San Vincenzo de’ Paoli — Santo del giorno (27 settembre 2025)

Per Foglie & Leggende — stile: affettuoso, un pizzico ironico e molto terreno.

Oggi celebriamo un santo che non stava a filosofeggiare tra nuvolette: si sporcava le mani per aiutare chi aveva fame, freddo o speranze incrinate. San Vincenzo de’ Paoli è il «buon samaritano organizzatore»: nato in Guascogna, fu prete, fondatore e infaticabile raddrizzatore di ingiustizie pratiche e spirituali. Morì a Parigi il 27 settembre 1660; da allora la Chiesa lo ricorda come memoria il 27 settembre. 

Chi era — una rapida cartolina biografica

Vincenzo (1581 circa) dopo studi e ordini sacerdotali si dedicò anima e corpo ai poveri: fondò la Congregazione della Missione (i «Lazaristi» o Vincenziani) per formare il clero e le Figlie della Carità insieme a Luisa de Marillac, per l’assistenza quotidiana ai bisognosi. La sua opera ha ispirato, secoli dopo, anche la nascita della società di San Vincenzo de’ Paoli (movimento laico di carità). 
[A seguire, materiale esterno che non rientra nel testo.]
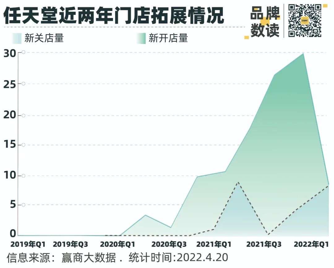 拿到授权的腾讯,加快了在国内推行任天堂Switch的节奏,线下渠道便是最好的例子。赢商大数据显示,2020年疫情后,任天堂在购物中心有过一段开店热,相较于2019年每季度店铺数目的零星增长,2021年每季度都有超过20家门店开业,全年净增70多家门店。2022年第一季度也保持了相同的增长态势,开店11家,和2021年持平。
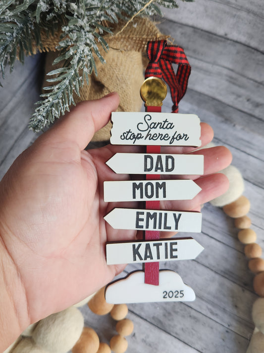 Personalized Santa Stop Here Family Ornament – Custom Christmas Sign with Names & Year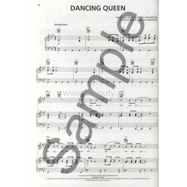 Kolekcja utworów z filmowego hitu 'Mamma Mia' w opracowaniu na fortepian, gitarę i wokal. Wydania oznaczone jako PVG (Piano Vocal Guitar - Fortepian Melodia Gitara) zawierają zapis nutowy linii melodycznej, nuty na fortepian, akordy gitarowe oraz słowa do piosenek zamieszczonych w publikacji. Więcej o nutach PVG przeczytasz >>> w artykule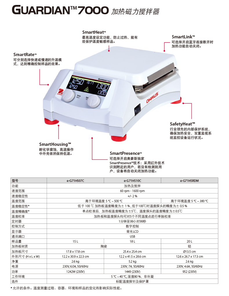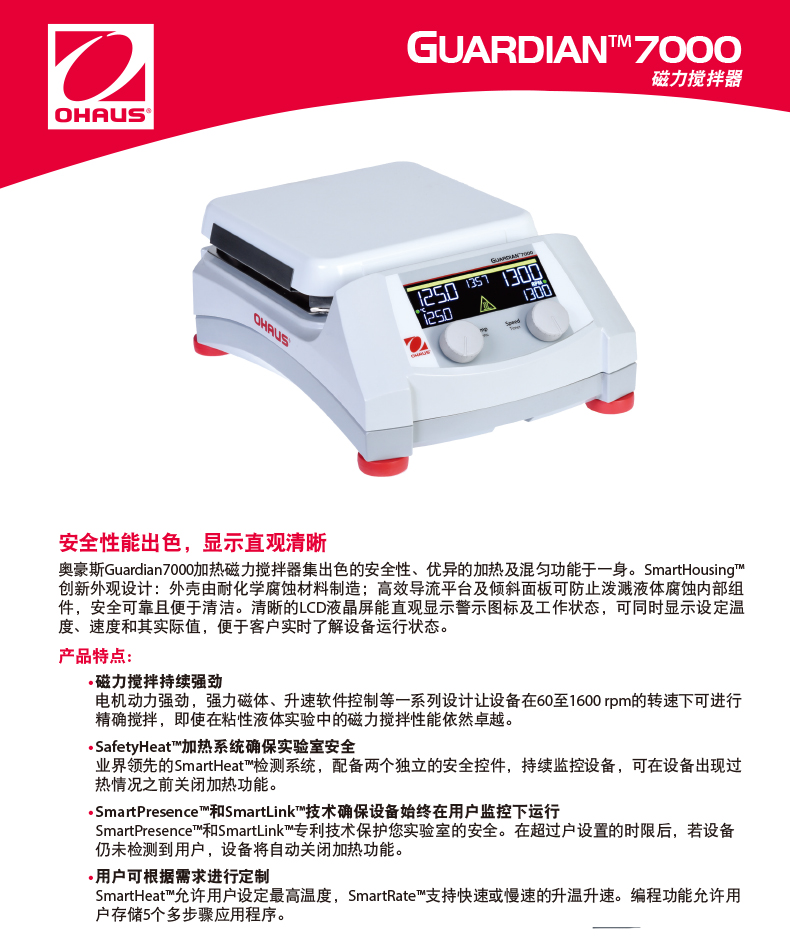 奥豪斯Guardian 7000™ 设计涵盖突出的安全性和优异的加热及搅拌功能。SmartHousing™性能是指设备机身耐抗化学腐蚀,且具有创新性的易于清洁的外形设计,玻璃操作面板的倾斜角可有效抵挡液体泼溅。明亮的LCD显示屏及直观的图标设计,可清晰显示温度,速度和时间,以帮助用户在实验室内轻松监控设备。
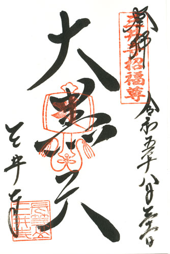 Abb.: links: Otsu, Präfektur Shiga, Tempel Miidera (Onjo-ji), Suikan-ji, zweites Goshuin von vieren, Mittelspalte: Benzaiten, rechte Spalte unten: Datum: Do, 31.8.2023 = Reiwa 5 nen hachi-gatsu san-juu-ichi-nichi. Der rote Stempel mit der Laute gibt das typische Musikinstrument der Gottheit wieder. Linke Spalte: Mii-dera. Abb. rechts: Otsu, Präfektur Shiga, Tempel Miidera (Onjo-ji), Suikan-ji, drittes Goshuin von vieren, Mittelspalte: Daikokuten, rechte Spalte unten: Datum: Do, 31.8.2023 = Reiwa 5 nen hachi-gatsu san-juu-ichi-nichi. Der rote Stempel mit dem Glückshammer gibt ein typisches Attribut der Gottheit wieder. Linke Spalte: Mii-dera.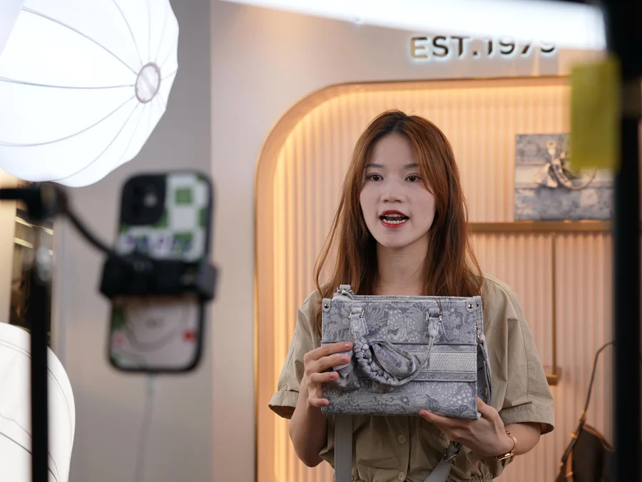 “我們公司主要從事中高檔時(shí)尚皮具的設(shè)計(jì)、研發(fā)、生產(chǎn)及銷售,是亞太地區(qū)知名的中高端女包品牌運(yùn)營商!绷直笊榻B,目前,公司擁有超400家銷售網(wǎng)點(diǎn)。在天貓、京東、抖音、唯品會(huì)等主流電商平臺(tái)上,連續(xù)多年名列女包行業(yè)頭部品牌。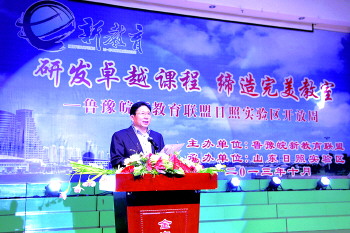 ◥2013年,日照市教育局局长、党委书记张传若在鲁豫皖新教育联盟日照市实验开放周活动上致辞。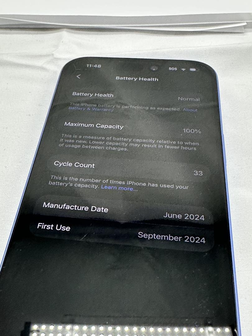 iPhone 16, in great condition with barely any use! Only 33 charge cycles no signs of wear on housing and only small/light scratches on screen.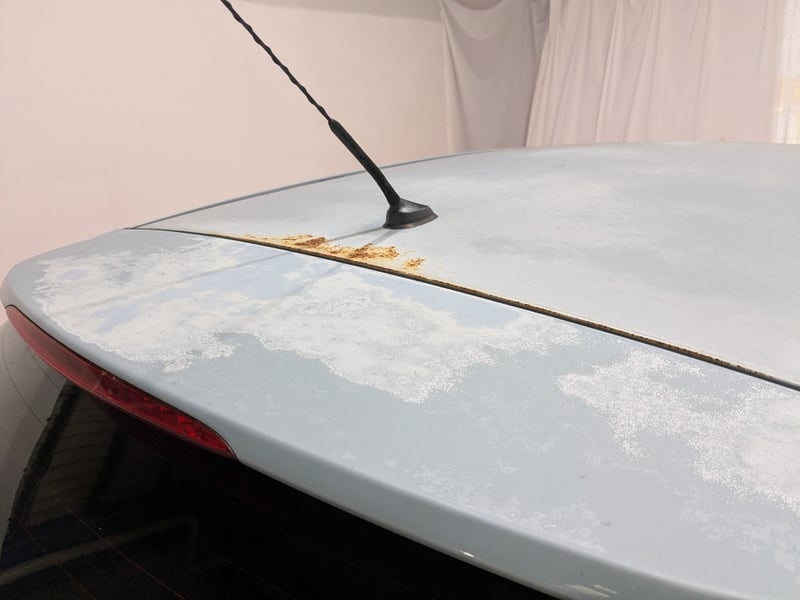 * Roof clear coat has failed across most of the roof surface with base coat exposed. Rust is present at the rear roof seam.

Quel che ha fatto di memorabile (in pratica)

Ha trasformato la carità da gesto occasionale a sistema organizzato: scuole, ospedali, visite ai carcerati e ai malati.  Ha promosso la cura delle persone «inaspettate» — bambini abbandonati, prigionieri, applicando una carità concreta, non solo parole.  Canonizzato nel 1737, è stato proclamato patrono universale delle opere di carità da Papa Leone XIII. 

Perché ce ne importa (anche oggi)

Perché Vincenzo insegna una lezione semplice e scomoda: la santità è spesso concretezza — ascoltare, organizzare, accompagnare. È una scuola pratica contro il “fare bello” senza sostanza. 

Un piccolo rituale (senza essere copia conforme di frate austero)

Vuoi celebrarlo in modo “Foglie & Leggende”? Ecco tre gesti facili e belli:

Accendi una candela e pensa a una persona concreta che puoi aiutare questa settimana (tempo, pane, parola). Preparati (o regala) una borsa di viveri, una coperta o un pasto caldo a chi ne ha bisogno — meglio se fatto con discrezione e rispetto. Scrivi una lettera breve (anche elettronica) a un’associazione locale per offrirti come volontario — la carità organizzata comincia da un “sì” concreto.

Questi gesti sono piccoli, ma vincenziani: non cercare l’applauso, cerca chi ha freddo.